Collectd Python Write Callback Bug

Collectd versions through 4.10.2 and 4.9.4 have a bug in the Python plugin where Python would receive bad values for certain data sets. The bug would typically manifest as data values appearing to be 0. The collectd-carbon author identified the bug and sent a fix to the Collectd development team.

Collectd versions 4.9.5, 4.10.3, and 5.0.0 are the first official versions with a fix for this bug. If you are not running one of these versions or have not applied the fix (which can be seen at https://github.com/indygreg/collectd/commit/31bc4bc67f9ae12fb593e18e0d3649e5d4fa13f2), you will likely dispatch wrong values to Librato Metrics.

Collectd on Redhat ImportError

Using the plugin with collectd on Redhat-based distributions (RHEL, CentOS, Fedora) may produce the following error:

Jul 20 14:54:38 mon0 collectd[2487]: plugin_load_file: The global flag is not supported, libtool 2 is required for this.
Jul 20 14:54:38 mon0 collectd[2487]: python plugin: Error importing module "collectd_librato".
Jul 20 14:54:38 mon0 collectd[2487]: Unhandled python exception in importing module: ImportError: /usr/lib64/python2.4/lib-dynload/_socketmodule.so: undefined symbol: PyExc_ValueError
Jul 20 14:54:38 mon0 collectd[2487]: python plugin: Found a configuration for the "collectd_librato" plugin, but the plugin isn't loaded or didn't register a configuration callback.
Jul 20 14:54:38 mon0 collectd[2488]: plugin_dispatch_values: No write callback has been registered. Please load at least one output plugin, if you want the collected data to be stored.
Jul 20 14:54:38 mon0 collectd[2488]: Filter subsystem: Built-in target `write': Dispatching value to all write plugins failed with status 2 (ENOENT). Most likely this means you didn't load any write plugins.

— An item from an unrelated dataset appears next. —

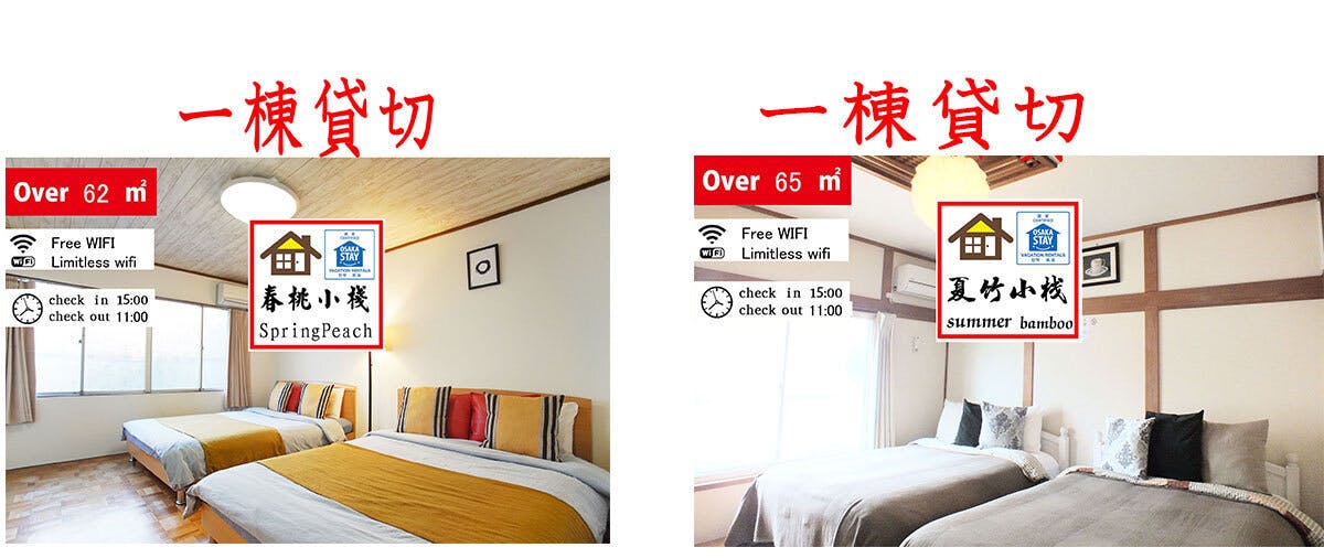 夏竹小桟は大阪市生野区小路3丁目にあります。地下鉄駅より歩いて5分程度到着できます。館内全域に無料Wi-Fiを提供しており、スピードの制限はございません。広さは65平米で、2階にダブルベッドが2、ダブル布団ベッド2を用意しており、1階にシングル布団ベード3つまで用意できます。最大大人11名、3歳未満の子供2名はお泊りできます。独立したキチンルームにて電子レンジ、冷蔵庫、ポット等もありますし、お風呂とトイレ別々で、洗濯機も用意しています。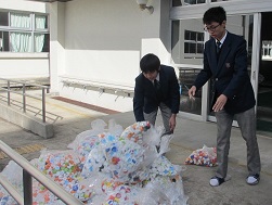 11月9日(木)、インターアクトクラブの活動として、以前より集めてきたペットボトルキャップを寄付する活動を行いました。

This may also occur on other operating systems and collectd versions. It is caused by a libtool/libltdl quirk described in this mailing list thread. As per the workarounds detailed there, you may either:

  1. Modify the init script /etc/init.d/collectd to preload the libpython shared library:

    @@ -25,7 +25,7 @@
            echo -n $"Starting $prog: "
            if [ -r "$CONFIG" ]
            then
    -               daemon /usr/sbin/collectd -C "$CONFIG"
    +               LD_PRELOAD=/usr/lib64/libpython2.4.so daemon /usr/sbin/collectd -C "$CONFIG"
                    RETVAL=$?
                    echo
                    [ $RETVAL -eq 0 ] && touch /var/lock/subsys/$prog
    
  2. Modify the RPM and rebuild.

    @@ -182,7 +182,7 @@
    
    
     %build
    -%configure \
    +%configure CFLAGS=-"DLT_LAZY_OR_NOW='RTLD_LAZY|RTLD_GLOBAL'" \
         --disable-static \
         --disable-ascent \
         --disable-apple_sensors \
    

Contributing

If you would like to contribute a fix or feature to this plugin please feel free to fork this repo, make your change and submit a pull request!